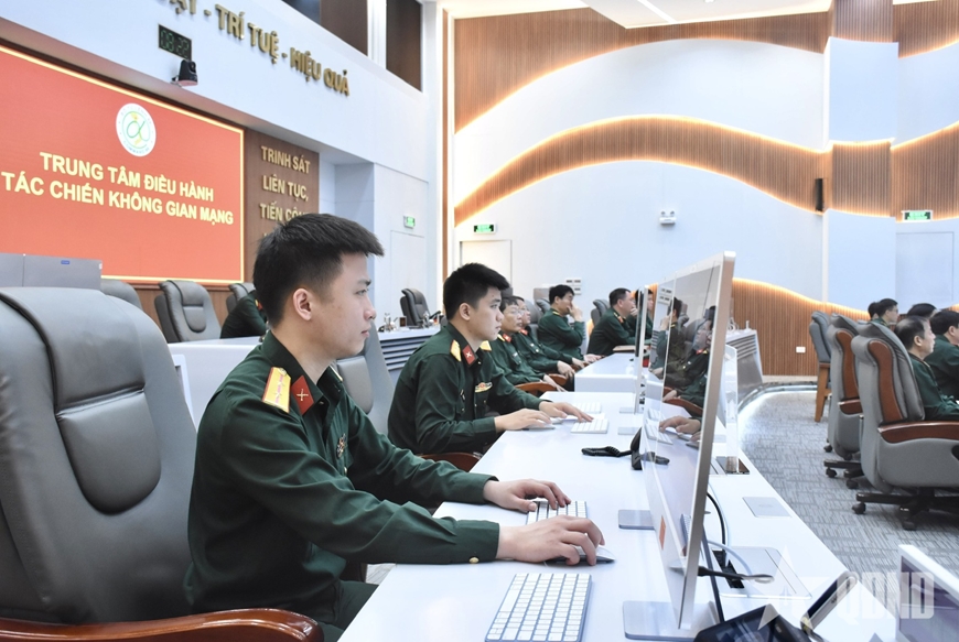 | Các cán bộ, nhân viên Trung tâm Điều hành tác chiến không gian mạng, Bộ tư lệnh 86 làm nhiệm vụ. |
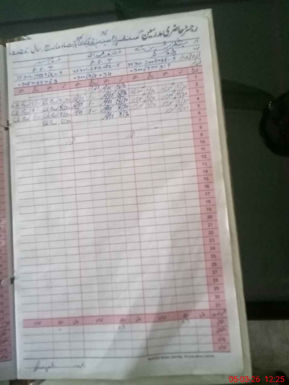 | CNIC | Full Name | Designation | R/C | Absence During Last Calender Month |
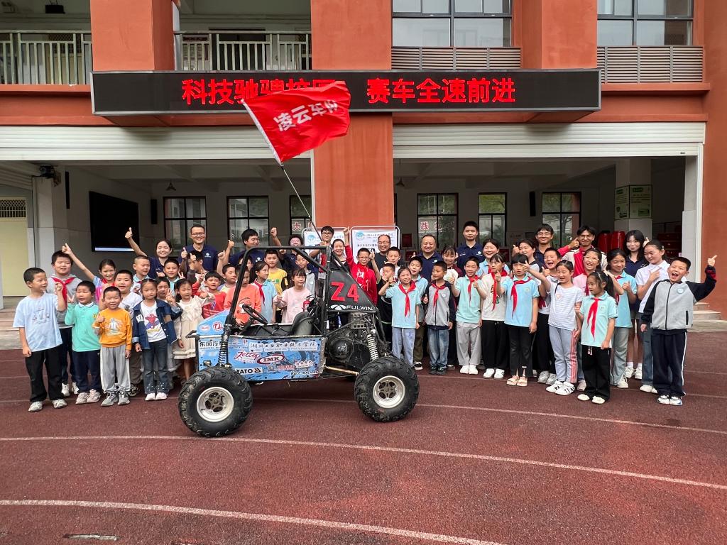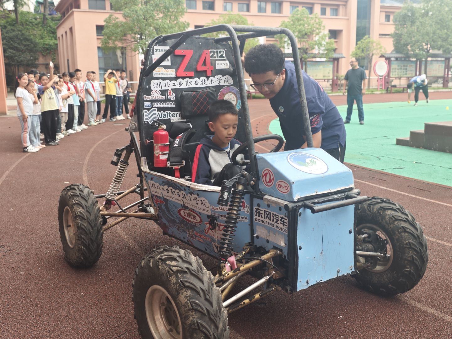 (通讯员 别玉娟 强琪华)为在小学生中普及汽车科技知识、激发科学探索兴趣,同时传递安全出行理念,澳门网投凌云巴哈车队近日开展了一场别开生面的“赛车进校园”科普活动。9月9日下午,十堰市大川学校的操场被发动机的轰鸣声点燃。澳门网投官方网站副院长张勇、巴哈车队指导教师别玉娟、陈自兵带领凌云巴哈车队10名队员,把刚刚完成2025年赛季的巴哈赛车Z4开进山区校园,为60余名小学生带来了一场集知识、速度、梦想于一体的赛车主题科普活动。
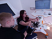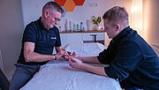 Sein Zeitplan umfasst zudem fünfmal wöchentlich zwei Stunden Ergotherapie und 70 Minuten Physiotherapie. „Manchmal muss ich ihn bremsen“, verrät seine auf Hand-Rehabilitation spezialisierte Ergotherapeutin Iris Stenzel. Einmal wöchentlich arbeitet sie zu Hause mit ihm, wo er die Aktivitäten des täglichen Lebens trainiert, wie Duschen, Waschen oder Kühlschrank öffnen. In ihrer Praxis hat sie spezielle Therapiegeräte, die das Training der Hände unterstützen. Iris Stenzel ist zufrieden mit ihrem Patienten. Lars hat sich sehr gut entwickelt. „Zu Beginn war es schwierig. Wir mussten sehr vorsichtig sein“, erläutert sie. „Aber Lars ist ein junger lebensfroher Mensch, der trotz des wahnsinnigen Schicksalsschlags nicht aufgegeben hat." Ergotherapeutin Iris Stenzel (links) setzt spezielle Reha-Geräte für das Handtraining ein. „Lars hat einen Plan, weiß, was er möchte. Und dafür kämpft er. Jeden Tag aufs Neue“, unterstreicht die Ergotherapeutin. Begeistert von Lars‘ Willenskraft zeigt sich auch Physiotherapeut Matthias Schulte, der beinahe täglich mit Lars arbeitet: „Wir sehen deutliche Fortschritte, vor allem in den Bewegungen, die er inzwischen selbst durchführen kann“, schildert Schulte.
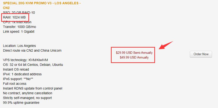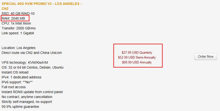 在高品质美国CN2512M低内存VPS全线断货的这段时间里,高品质美国CN2还对2G内存以下套餐的付款周期做出了调整,目前所有1G内存套餐只有半年付款和1年付款的周期可以选择;其中1G内存的洛杉矶独立机房KVM VPS,也就是目前支持CN2直连的QN机房只有年付周期可以选择。月、季度付款周期也不存在了。
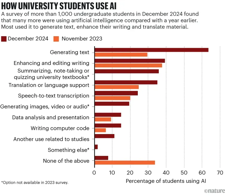 ▷图源:J. Freeman Student Generative AI Survey 2025 (HEPI, 2025)
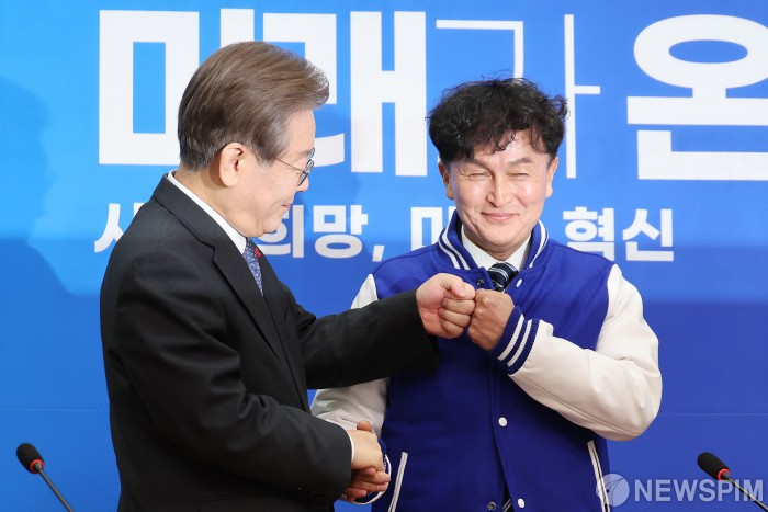 [서울=뉴스핌] 이형석 기자 = 이재명 더불어민주당 대표가 18일 오전 서울 여의도 국회에서 열린 인재영입식에서 류삼영 전 총경과 주먹인사를 하고 있다. 2023.12.18 leehs@newspim.com
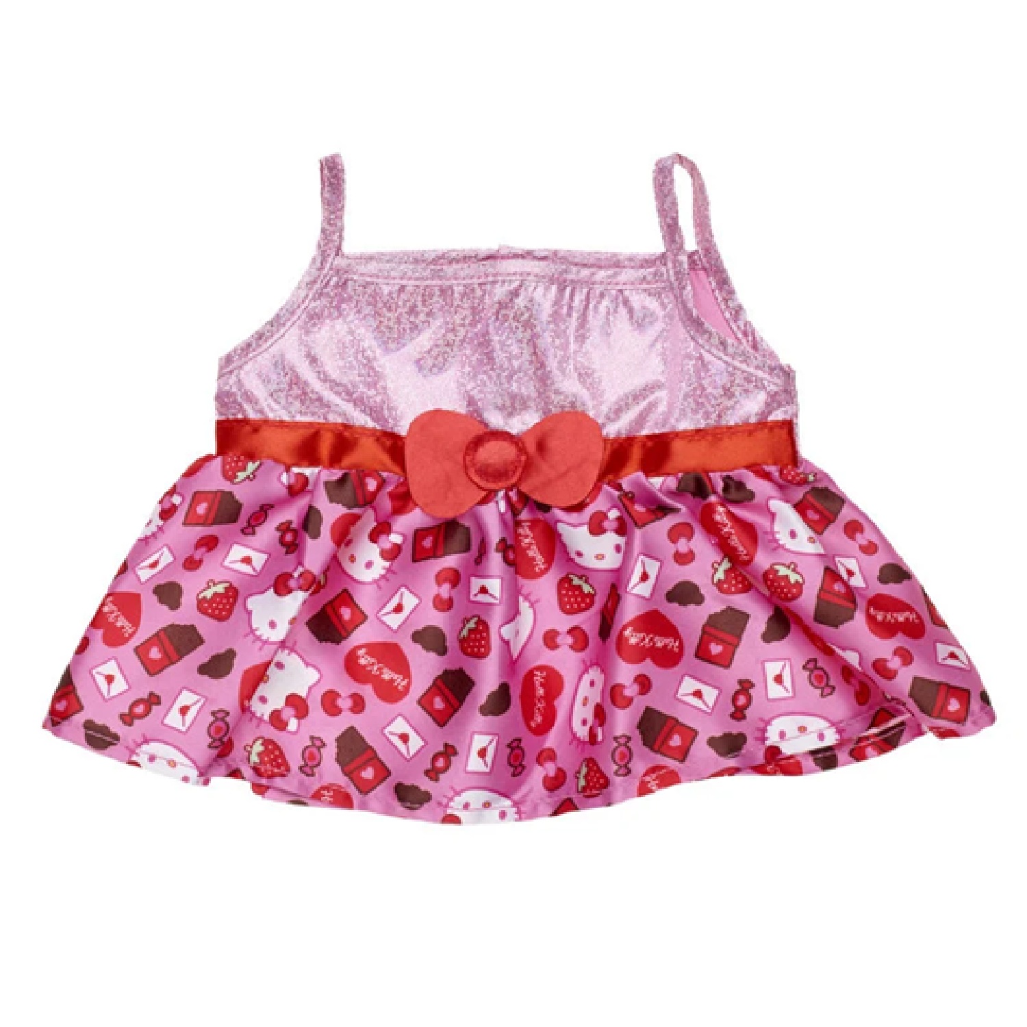 This pink Hello Kitty® dress for stuffed animals has an all-over pattern of hearts, love notes, chocolates and other sweet icons.

____________

**DIRECTIONS FOR THIS TASK**.
Leave the pictures out and please restate exactly the lines running from the start of the material through the one with "Calender Month |".

**WRITTEN SOLUTION**.
 | Các cán bộ, nhân viên Trung tâm Điều hành tác chiến không gian mạng, Bộ tư lệnh 86 làm nhiệm vụ. |
 | CNIC | Full Name | Designation | R/C | Absence During Last Calender Month |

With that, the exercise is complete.